- **Input data**:

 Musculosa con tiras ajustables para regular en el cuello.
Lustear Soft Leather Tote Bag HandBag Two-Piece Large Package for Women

==

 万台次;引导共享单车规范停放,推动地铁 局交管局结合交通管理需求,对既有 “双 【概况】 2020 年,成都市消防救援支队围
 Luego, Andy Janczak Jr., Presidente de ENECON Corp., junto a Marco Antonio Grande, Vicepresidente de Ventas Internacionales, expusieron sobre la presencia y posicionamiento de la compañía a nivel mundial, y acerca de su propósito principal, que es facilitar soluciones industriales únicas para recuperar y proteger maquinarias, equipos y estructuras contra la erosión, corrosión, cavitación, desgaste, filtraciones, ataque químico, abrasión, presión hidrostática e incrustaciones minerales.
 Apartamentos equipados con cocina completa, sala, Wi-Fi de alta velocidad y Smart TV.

==

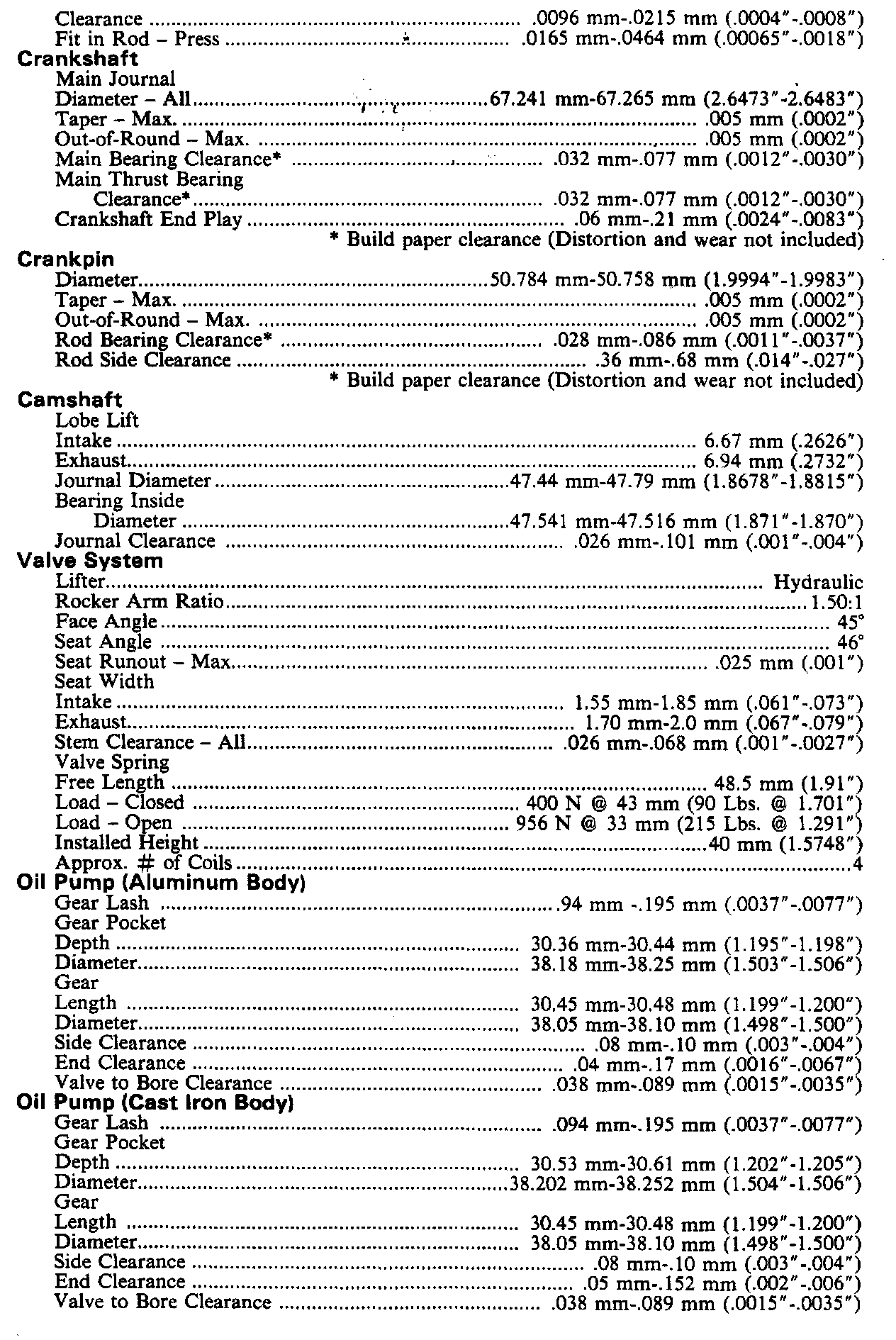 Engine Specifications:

- **What you should do**:
Beginning with the line that has "Luego, Andy Janczak" and ending with the line that has "Apartamentos equipados con", set down the lines above exactly and include no others.

- **Task solution**:
 Luego, Andy Janczak Jr., Presidente de ENECON Corp., junto a Marco Antonio Grande, Vicepresidente de Ventas Internacionales, expusieron sobre la presencia y posicionamiento de la compañía a nivel mundial, y acerca de su propósito principal, que es facilitar soluciones industriales únicas para recuperar y proteger maquinarias, equipos y estructuras contra la erosión, corrosión, cavitación, desgaste, filtraciones, ataque químico, abrasión, presión hidrostática e incrustaciones minerales.
 Apartamentos equipados con cocina completa, sala, Wi-Fi de alta velocidad y Smart TV.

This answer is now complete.